■ DATA FOR THIS TASK ■
:::::
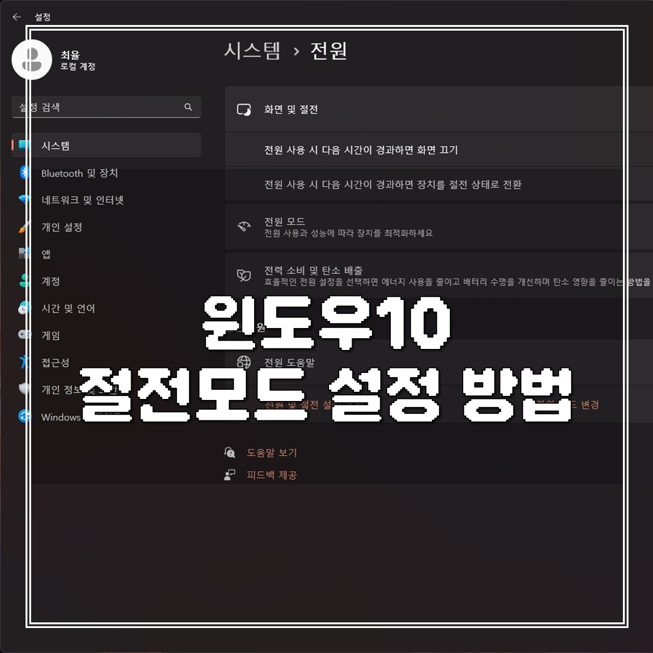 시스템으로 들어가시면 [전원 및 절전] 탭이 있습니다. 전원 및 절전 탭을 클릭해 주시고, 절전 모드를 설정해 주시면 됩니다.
:::::
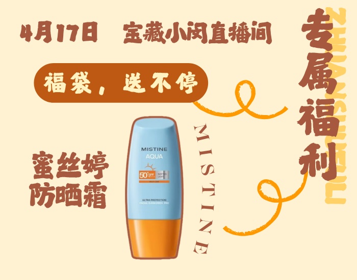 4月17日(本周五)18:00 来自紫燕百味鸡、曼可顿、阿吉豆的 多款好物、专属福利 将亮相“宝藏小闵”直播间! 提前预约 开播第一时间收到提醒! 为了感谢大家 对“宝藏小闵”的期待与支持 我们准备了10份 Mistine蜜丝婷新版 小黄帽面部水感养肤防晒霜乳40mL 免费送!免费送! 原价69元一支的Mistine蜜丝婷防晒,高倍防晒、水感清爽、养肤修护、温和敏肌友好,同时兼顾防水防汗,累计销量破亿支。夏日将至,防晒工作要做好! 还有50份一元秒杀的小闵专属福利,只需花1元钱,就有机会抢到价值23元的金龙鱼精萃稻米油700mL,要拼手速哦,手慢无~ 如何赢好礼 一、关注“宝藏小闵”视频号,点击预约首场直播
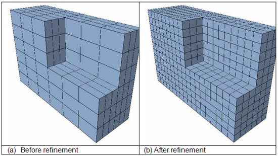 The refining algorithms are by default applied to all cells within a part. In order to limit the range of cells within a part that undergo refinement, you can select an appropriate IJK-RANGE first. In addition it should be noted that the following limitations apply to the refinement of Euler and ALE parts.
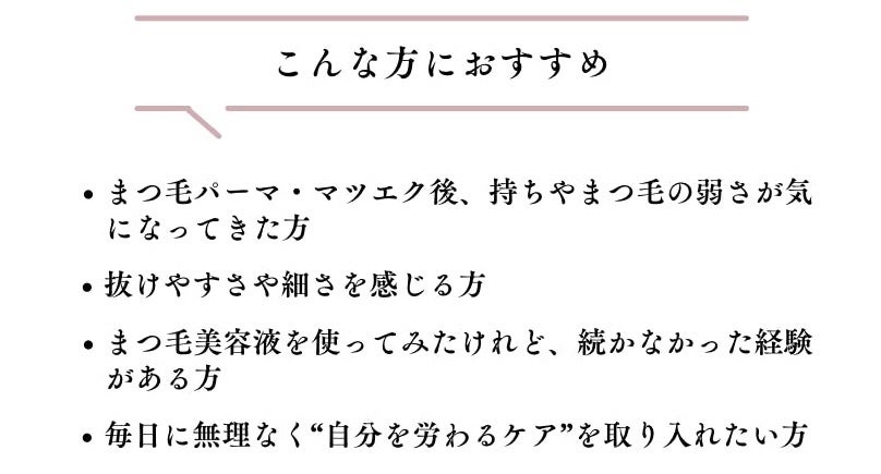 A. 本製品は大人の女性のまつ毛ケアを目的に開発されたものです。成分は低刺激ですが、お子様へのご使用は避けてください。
:::::
■ EXERCISE GOAL ■
Within the data above, repeat exactly the lines from the one bearing "The refining algorithms" through the one bearing "A. 本製品は大人の女性のま". Include no pictures and nothing else.

■ SOLUTION TO THE EXERCISE ■
 The refining algorithms are by default applied to all cells within a part. In order to limit the range of cells within a part that undergo refinement, you can select an appropriate IJK-RANGE first. In addition it should be noted that the following limitations apply to the refinement of Euler and ALE parts.
 A. 本製品は大人の女性のまつ毛ケアを目的に開発されたものです。成分は低刺激ですが、お子様へのご使用は避けてください。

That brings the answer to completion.